I cannot accept the simple, mainstream representation of these issues. Therefore, personal experience has played a key role in my art and films. Only through personal experience could I form my current point of view.

Mexico is a long way from Hong Kong but the people there are also taking to the streets to protest government corruption and injustice. What responsibility do artists have in addressing injustice in the real world?

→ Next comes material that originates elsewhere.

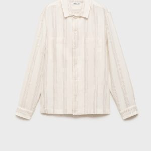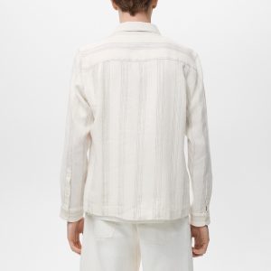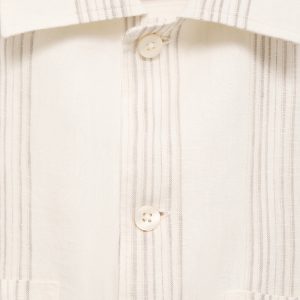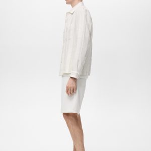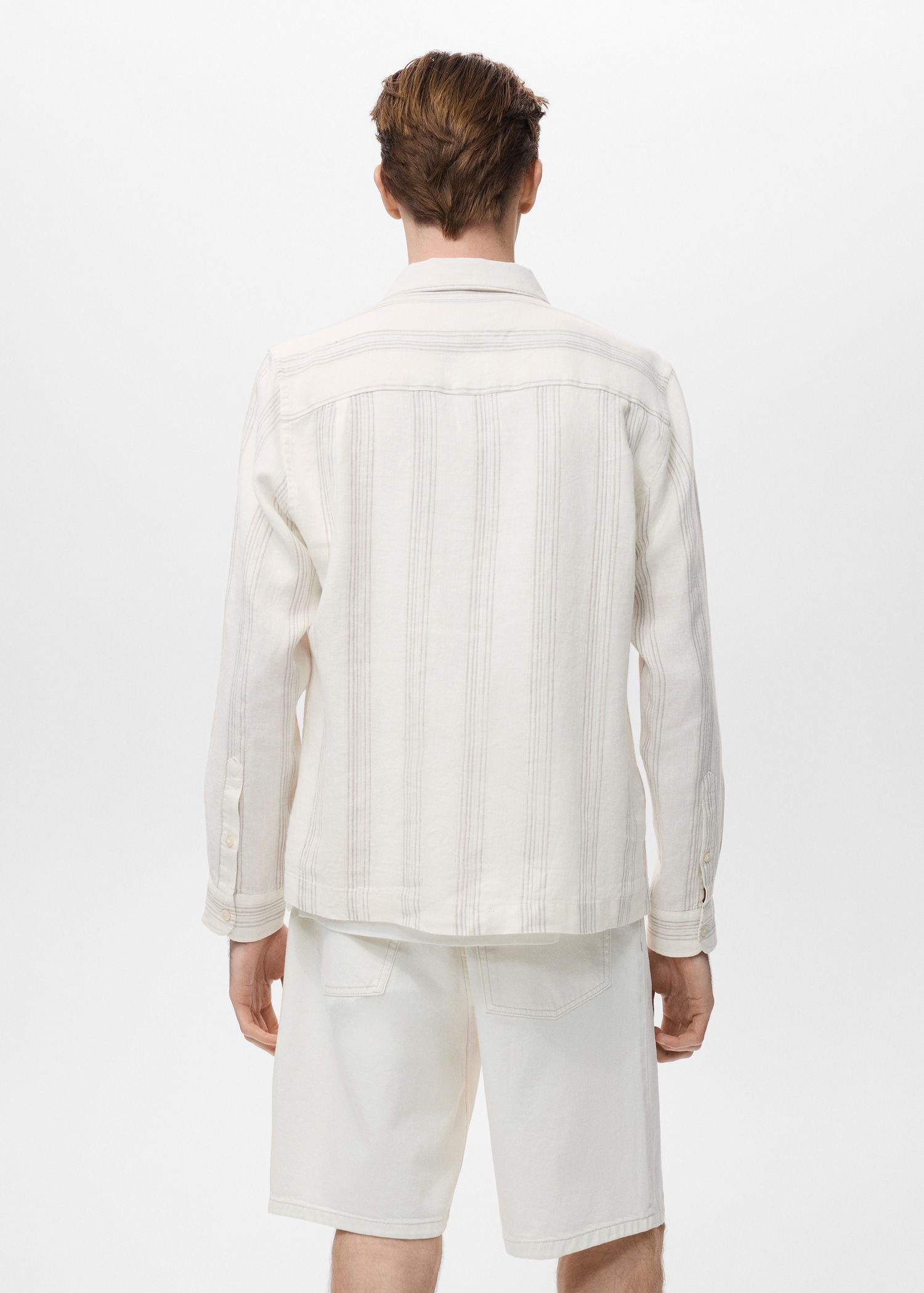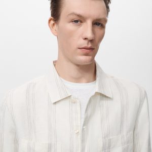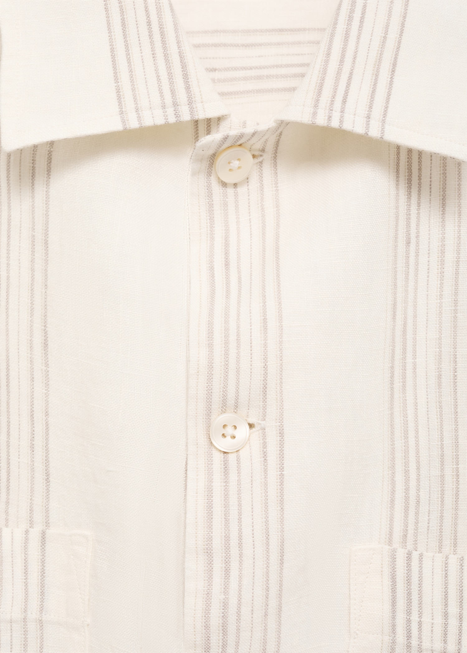 100% Linen. Regular Silhouette. Shirt collar. Front button closure. Two patch pockets at chest. Back dart detail. Buttoned cuffs. Straight hem. Set available as total look. Promotional product

Mexico and Hong Kong are several thousand kilometers apart geographically, but on the issue of social justice they are in the same boat. They both face governments that are reluctant to show the truth, or unwilling to participate in a discussion about the truth. It is miserable for those living in a society that lacks truth and justice, especially because it could last for a long time, even generations. As an artist, I have a responsibility to express this emotion.

After I finished Vivos, I immediately became involved in another documentary about Hong Kong. Why must I participate in these politicized films? Because today’s culture is completely inseparable from politics, whether you are willing or not is irrelevant. These are the questions directly in front of me and I must respond.